– Это, – провозгласил Набби, – Златая Чара, созданная моим отцом Дарби. А это, – он придвинул ко мне оловянную пивную кружку, – Оппаньки работы вашего покорного. Не забудь попросить долить, прежде чем осушить её до дна. Иначе, – он выразительно растопырил пальцы, изображая взрыв, – оппаньки!
Я искренне понадеялся, что Набби шутит, однако решил на всякий случай прихлёбывать понемногу.
Блитц отпил мёду:
– Ммм… Прекрасный кубок, чтобы смаковать напитки. А теперь, когда с формальностями покончено, Набби, у меня к тебе вопрос. Нам надо поговорить с Младшим.
На левом виске бармена запульсировала жилка:
– Ты хочешь проститься с жизнью?
Блитцен выудил из кошеля одну золотую слезинку и подтолкнул её к Набби по стойке:
– Это тебе. Просто за то, что дашь ему знать. И передай Младшему, что у нас есть ещё. Всё, что нам нужно – это обсудить обмен.
После знакомства с Ран слово «обмен» резануло мне уши ещё сильнее, чем Седалище-Преклони вреза́лся мне в задницу. Набби посмотрел на крупинку золота, на Блитцена, снова на крупинку, снова на Блитцена… Судя по лицу, в нём боролись предчувствие неприятностей и жадность. Победила жадность. Бармен подобрал золотую каплю:
– Я дам ему знать. Пейте на здоровье. – Он слез со своего помоста за стойкой и скрылся в кухне.
Я повернулся к Блитцену:
– У меня пара вопросов.
– Всего пара? – усмехнулся он.
– Что значит «4109 год о. ч.»? При чём тут вообще «ч»?

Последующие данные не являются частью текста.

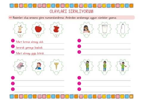 OLAYLARI SIRALIYORUM + Resimleri oluş sırasına göre numaralandırınız. Ardından sıralamaya uygun cümleler yazınız. 3 1 2 2 2 2 1 Mert kırmızı elmayı aldı. 1 2 Isırarak yemeye başladı. 2 3 Mert elmayı yiyip bitirdi. 3 2 2 2 2 2 2 1 1 2 2 3 3 20

– Гномы ведут счёт лет от сотворения нашего народа, – объяснил Блитцен. – «О. ч.» означает «от червей».
Я подумал, что до сих пор плоховато слышу после того, как меня облаял Рататоск:
– Чего?
– Сотворение мира… Ну, ты же знаешь, как всё было. Боги убили величайшего из великанов, Имира, и создали из его плоти Мидгард. Нидавеллир образовался под Мидгардом – там, где черви прогрызли ходы в трупе великана. Некоторые из этих червей, не без помощи богов, эволюционировали и превратились в гномов.
Блитцен, похоже, гордился этим пикантным историческим фактом. Я же решил как можно скорее стереть его из долговременной памяти, если получится.
– Следующий вопрос, – сказал я. – Почему у моей кружки есть собственное имя?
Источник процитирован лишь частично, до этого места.